アメリカでは、GAFA/GAMMA(フェイスブックは社名をメタに変更したから、GAFAではなく、GAMMAというらしい)に代表される情報・データ処理サービスが急速に育った。
一方、日本はデジタル化が遅れて産業構造の転換を図れなかった。
デジタル化の遅れは1990年代のIT革命に乗り遅れたことが始まりである。
著者は、産業構造の転換/デジタル化に関連して、
「新しい資本主義」とは、「資本なき資本主義」のことであり、これは「データ資本主義」と呼ぶものだと解説している。
すなわち、現在の企業経営にとって、情報やデータなどの無形資産が、資本のなかでその重要性を増している。

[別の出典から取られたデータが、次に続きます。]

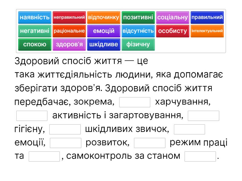 Здоровий спосіб життя — це така життєдіяльність людини, яка допомагає зберігати здоров’я. Здоровий спосіб життя передбачає, зокрема, ____ харчування, ____ активність і загартовування, ____ гігієну, ____ шкідливих звичок, ____ емоції, ____ розвиток, ____ режим праці та ____, самоконтроль за станом ____.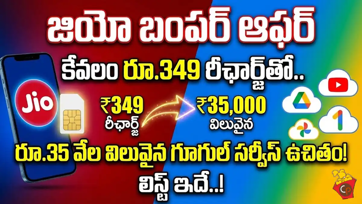 Jio Free Offer:జియో బంపర్ ఆఫర్: కేవలం రూ.349 రీఛార్జ్‌తో.. రూ.35 వేల విలువైన ‘గూగుల్’ సర్వీస్ ఉచితం! లిస్ట్ ఇదే.

著者の主張では、日銀は「賃金が上がらないのは物価が上がらないからだ」という誤った認識で金融緩和策を継続した。その結果、「円安の麻薬効果」を招来した。
円安の麻薬効果とは、企業は技術革新を行わなくとも、円安効果によって利益を上げることができ、それに伴って株価も上昇したことを指している。
一方で、労働者の実質賃金は上がらなかった(労働者を貧しくした)。

日本の将来の問題は、(巷でよく言われているように)労働力人口の減少と高齢化の進展である。

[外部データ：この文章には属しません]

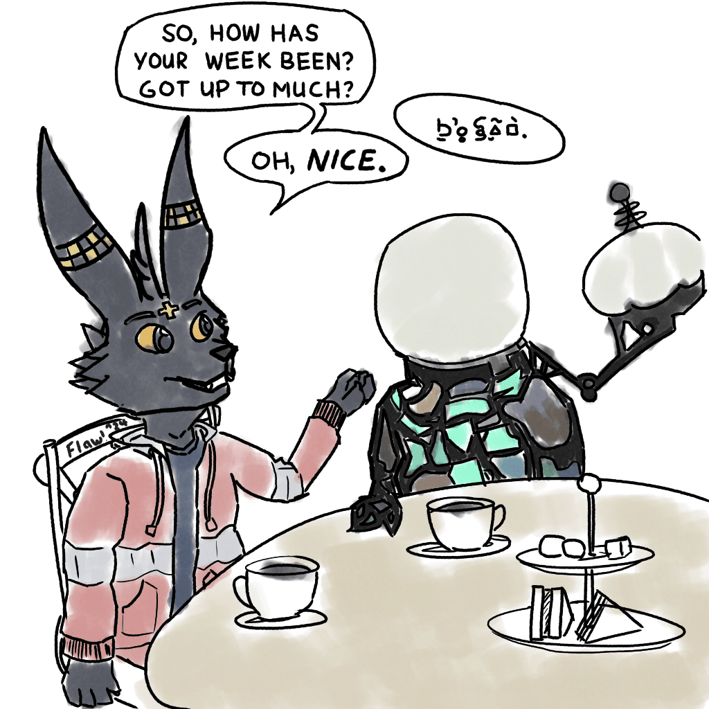 Dark types tend to get on well with some of the more odd organisms, and Amby is happy to have a chat to some of them over tea.

このような背景から、IMFは日本の将来の実質成長率を0.5%と予測しているそうだ。IMFの「2020年報告書」にある提言が興味深い。
「(日本は)消費税率を2030年までに15%に、さらに2050年までに20%へと段階的に引き上げる必要がある」
「(日本は今後)年金、医療分野の社会保険改革が不可欠である」
著者は今後の日本は、技術革新によって生産性を高めていくことが不可欠だとしている。
デジタル化の推進、技術革新を進めるためには労働力の流動化も必要になるだろう。しかし、日本では労働力の企業間移動が進まないという現状がある。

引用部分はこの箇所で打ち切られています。